Actually, it was stretching the point to suggest that Congress has no authority in establishing foreign policy, as under Article I, Sec. 8, Congress has the specific power to regulate commerce with foreign nations, as well as among the states. Under Section 10, no state shall enter into any treaty, alliance or confederation. The treaty-making power is reserved to the President, with the advice and consent of the Senate, on concurrence of two-thirds of the Senators present, and it is presumably this power to which the front page and the editorial refer. And, of course, without the majority consent of both houses of Congress, no committee or individual member has power to regulate commerce, certainly, therefore, rendering the move to form a compact unilaterally with 242 shipowners an usurpation by Senator McCarthy of the right of Congress as a whole. And any such regulation by the Congress in the form of legislation would have to be signed into law by the President or not, subject to veto, then to override by the Congress, or pocket-veto. But those limitations had never stopped Senator McCarthy previously in the use of his "technique" to achieve power not bestowed on him by virtue of his office, as further elucidated below by Marquis Childs.

"For the Good of the Community" indicates that the medical profession had traditionally been cool to suggestions for more public information about its activities and accomplishments, partially based on the medical code of ethics and partially on the concern that lay writers might overstress the significance of medical developments and stir false hopes in the people.
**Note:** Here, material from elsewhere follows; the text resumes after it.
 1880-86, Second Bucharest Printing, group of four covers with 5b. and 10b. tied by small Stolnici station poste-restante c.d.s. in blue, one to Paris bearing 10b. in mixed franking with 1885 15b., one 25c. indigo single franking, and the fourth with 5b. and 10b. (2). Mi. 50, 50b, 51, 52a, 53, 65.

The more thoughtful leaders of the profession, however, had realized for a long time that good health was everybody's business and that more information about the medical profession should be made available.

The previous week, a major step toward a better system for handling medical news in the community had been taken when a group of doctors had met with representatives of the News to set up a better information program, with additional meetings planned with the radio stations and other local newspapers. The objective was to ensure full and correct reporting of medical news in a way which would not prejudice medical ethics. It indicates that it would be important in any community and was of special importance in Charlotte, as it had developed into a major medical center which generated medical news not only of local interest but of national and international significance as well.
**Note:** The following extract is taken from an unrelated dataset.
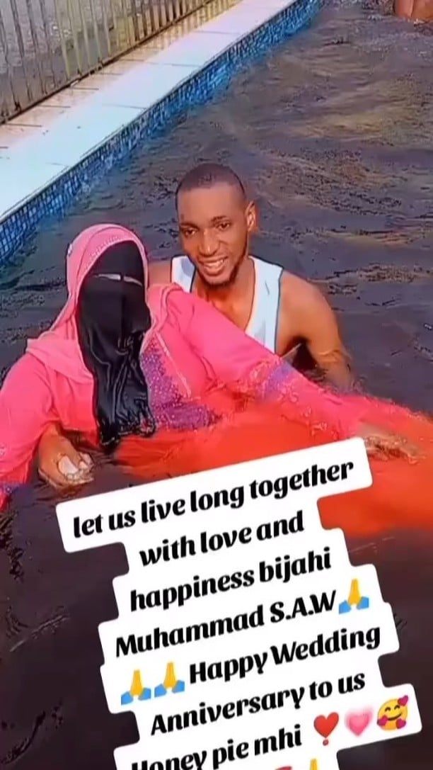 In the viral video, the man is seen behind his niqobite wife and snatching her by the back while they enjoy themselves in the pool.

It finds, therefore, the formation of the public relations and information service to be a constructive step, and indicates that the newspaper had been happy to participate.

"A Through-the-Net View of Malenkov" tells of Joseph Stalin's nephew, who had gone to Western Europe a few years earlier to be married, having written a book, My Uncle Joseph Stalin, which had been generally accepted as a reliable account. Parts of that book dealt with the new Premier, Georgi Malenkov, Stalin's nephew having related that his uncle had kidded Mr. Malenkov a lot and that many top Communists did not believe he was very bright. He was, however, possibly smarter than they had thought, as Stalin's daughter had once commented that Mr. Malenkov did everything he could to keep her father working and wearing himself out, that it appeared he wanted to cause her father's breakdown.

Once, during a volleyball game, when Mr. Malenkov's side was losing, he became angry and started batting the ball with his fist instead of his palm, causing Marshal Zhukov, on the opposing team, to become angry and instruct that hitting the ball with the fist was illegal, at which point Stalin intervened to say that it was okay as Mr. Malenkov usually hit the ball into the net anyway. Mr. Malenkov had continued using his fist and Mr. Zhukov continued to complain, until one strong Malenkov volley came straight across the net and hit Zhukov in the face, causing a nosebleed. At that point, Mr. Zhukov called Mr. Malenkov a naughty name and the game broke up. (We have an idea what he may have called him, something which was probably known to the CIA but classified in 1953.)

Stalin's nephew had claimed that this incident was the beginning of the feud between the two men. The piece indicates that it did not know one way or the other, but that since so many were trying to draw conclusions from various characteristics of Mr. Malenkov's face as appearing in news pictures, it believes that the reader might be interested in the story. It finds that it could conclude only that one should never play volleyball with Mr. Malenkov.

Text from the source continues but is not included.